▶ _Exercise brief_: Every word in the data below belongs in your copy, exactly as given; the pictures do not.

▶ _Recorded data_:
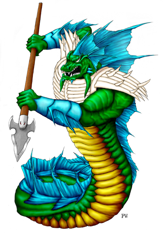 A portrait of one of my current characters. He's a Frenzied Berserker/Paladin (of Freedom). Angry, but righteous, and possessed of a 20 chr. I'm sure he looks great to the women of his kind... to your average humanoid, it's certainly debateable.
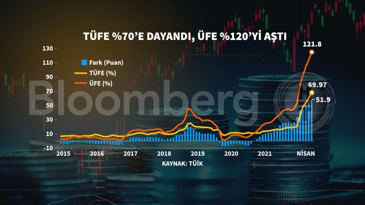 TÜİK-in məlumatına görə, istehsalçı qiymətləri indeksi aprel ayında əvvəlki ilin eyni dövrü ilə müqayisədə 121,82% artıb. Aylıq müqayisədə artım 7,67 faiz təşkil edib.
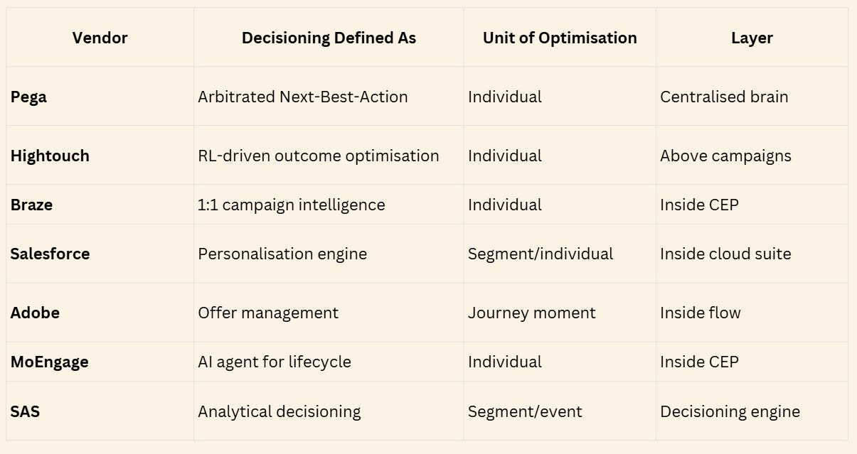 That makes Aampe’s definition the most radical here: decisioning as a continuous, causal, per-user process - without campaign boundaries, without functional silos, organised around the human rather than the business objective. No other vendor in my view fully satisfies that definition.
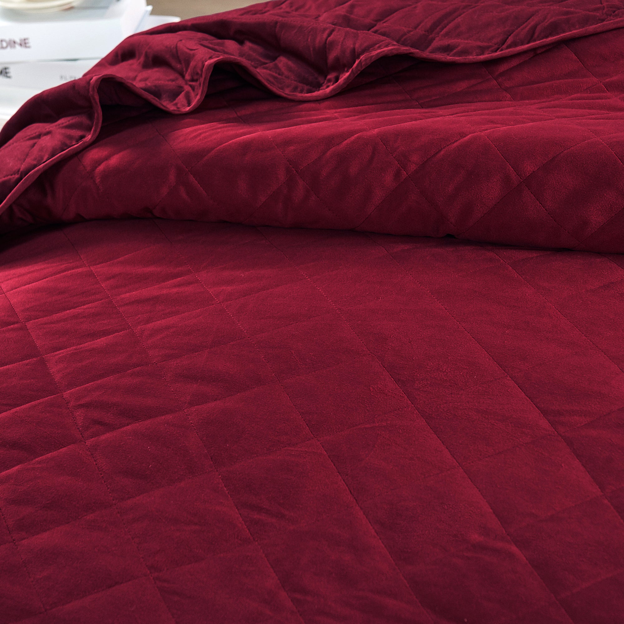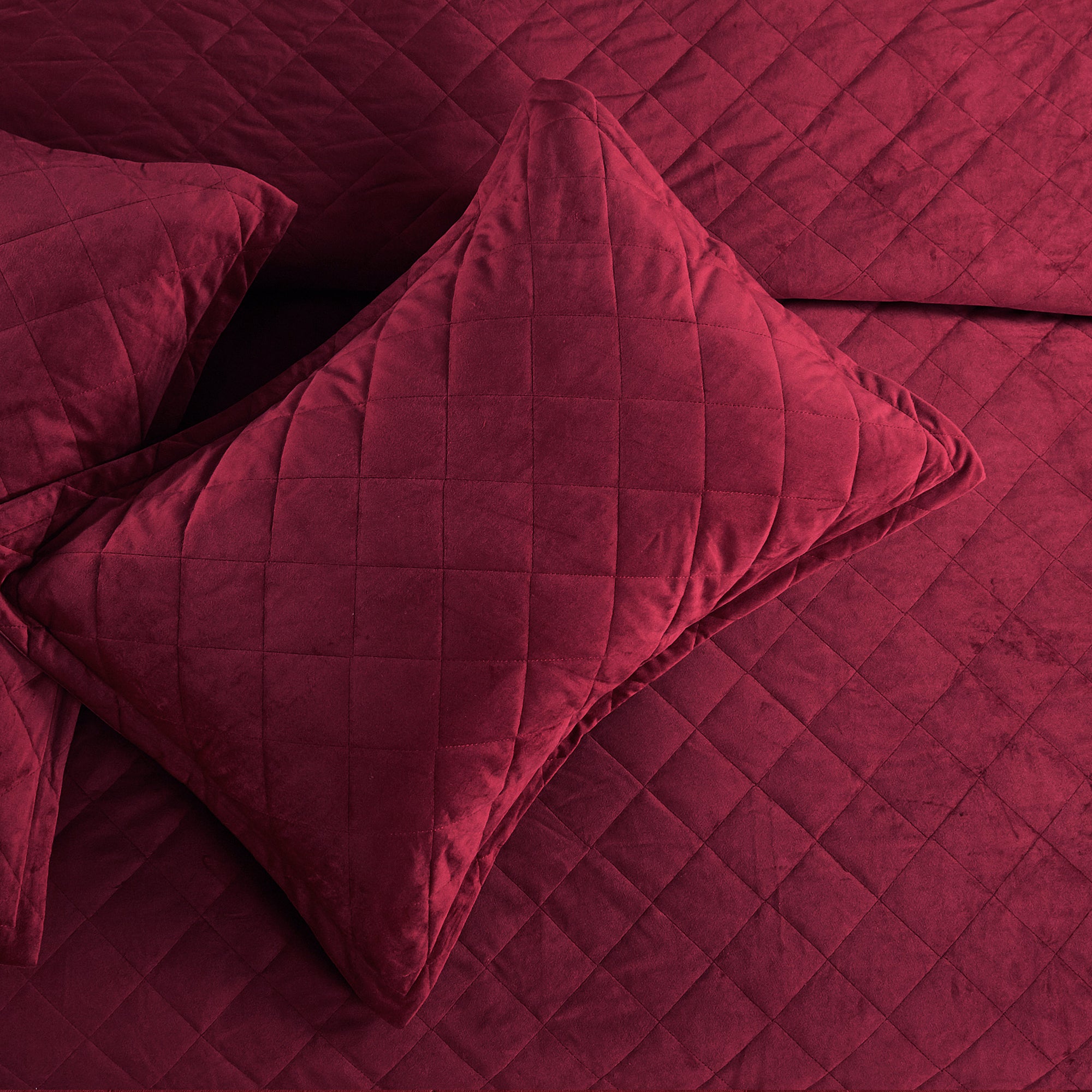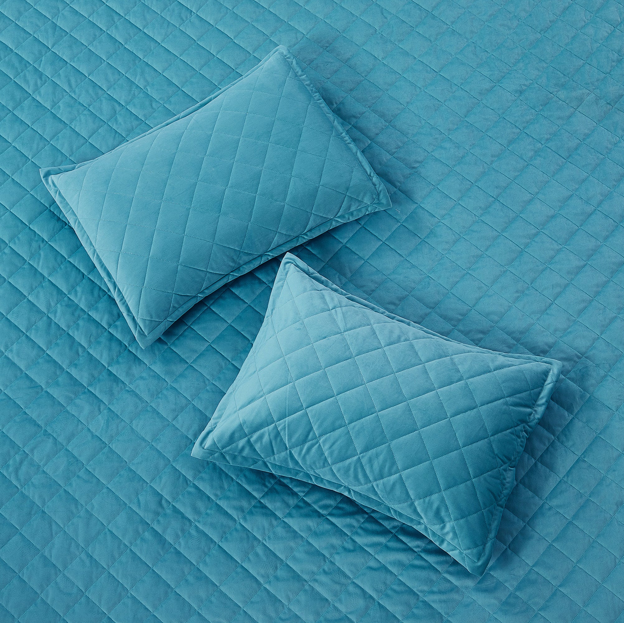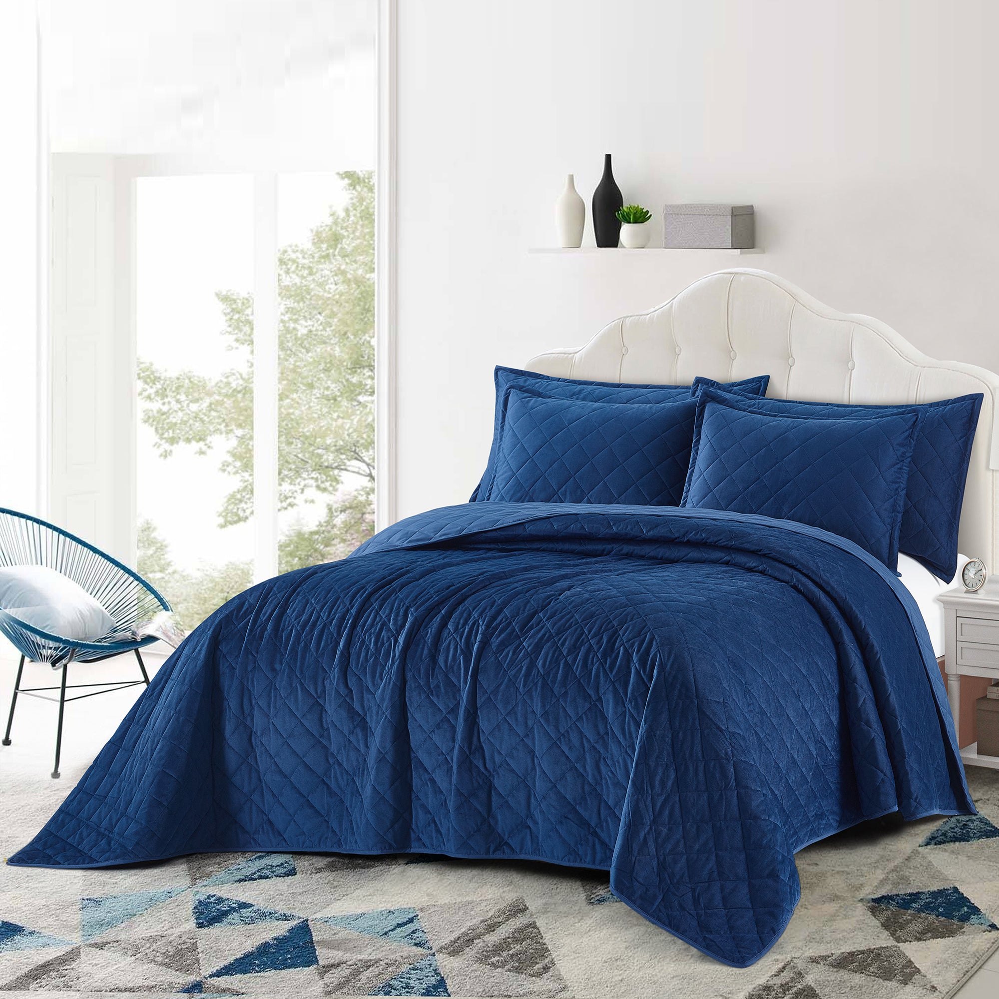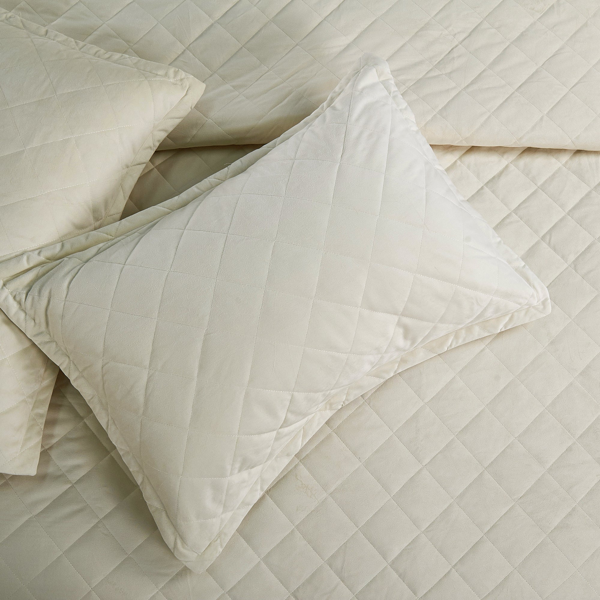 Super Soft Flannel Microfiber Velvet 5-Piece bedspread sets are designed for comfort, warmth, and class. The highly detailed diamond pattern quilting provides an elegant ambiance to your bedroom. A set includes 1 – Oversized Bedspread 122 inches x 106 inches, 2 - Shams 20 inches x 26 inches and 2 -Shams 20 inches x 36 inches. Simply machine wash, separately, using cold water on a gentle cycle. Tumble dry on lowest heat setting to avoid heat damage to your set.

▶ _Response_:
 A portrait of one of my current characters. He's a Frenzied Berserker/Paladin (of Freedom). Angry, but righteous, and possessed of a 20 chr. I'm sure he looks great to the women of his kind... to your average humanoid, it's certainly debateable.
 TÜİK-in məlumatına görə, istehsalçı qiymətləri indeksi aprel ayında əvvəlki ilin eyni dövrü ilə müqayisədə 121,82% artıb. Aylıq müqayisədə artım 7,67 faiz təşkil edib.
 That makes Aampe’s definition the most radical here: decisioning as a continuous, causal, per-user process - without campaign boundaries, without functional silos, organised around the human rather than the business objective. No other vendor in my view fully satisfies that definition.
 Super Soft Flannel Microfiber Velvet 5-Piece bedspread sets are designed for comfort, warmth, and class. The highly detailed diamond pattern quilting provides an elegant ambiance to your bedroom. A set includes 1 – Oversized Bedspread 122 inches x 106 inches, 2 - Shams 20 inches x 26 inches and 2 -Shams 20 inches x 36 inches. Simply machine wash, separately, using cold water on a gentle cycle. Tumble dry on lowest heat setting to avoid heat damage to your set.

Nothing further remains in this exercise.